Among the entries below, extract exactly the lines that run from the one with "邪気をよせつけない!金色の金" through the one with "Nowa, parterowa willa", both ends included.

The data:
--- START ---
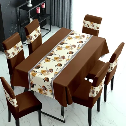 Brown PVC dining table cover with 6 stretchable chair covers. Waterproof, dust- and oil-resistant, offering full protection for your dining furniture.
--- END ---
--- START ---
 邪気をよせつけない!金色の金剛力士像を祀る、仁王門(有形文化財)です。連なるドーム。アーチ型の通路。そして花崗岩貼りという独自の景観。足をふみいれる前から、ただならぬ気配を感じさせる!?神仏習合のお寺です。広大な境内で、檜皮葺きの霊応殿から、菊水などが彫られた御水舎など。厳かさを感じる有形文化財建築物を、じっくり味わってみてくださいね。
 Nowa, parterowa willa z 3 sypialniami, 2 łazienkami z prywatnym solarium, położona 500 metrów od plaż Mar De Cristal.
--- END ---
Answer to this exercise:
 邪気をよせつけない!金色の金剛力士像を祀る、仁王門(有形文化財)です。連なるドーム。アーチ型の通路。そして花崗岩貼りという独自の景観。足をふみいれる前から、ただならぬ気配を感じさせる!?神仏習合のお寺です。広大な境内で、檜皮葺きの霊応殿から、菊水などが彫られた御水舎など。厳かさを感じる有形文化財建築物を、じっくり味わってみてくださいね。
 Nowa, parterowa willa z 3 sypialniami, 2 łazienkami z prywatnym solarium, położona 500 metrów od plaż Mar De Cristal.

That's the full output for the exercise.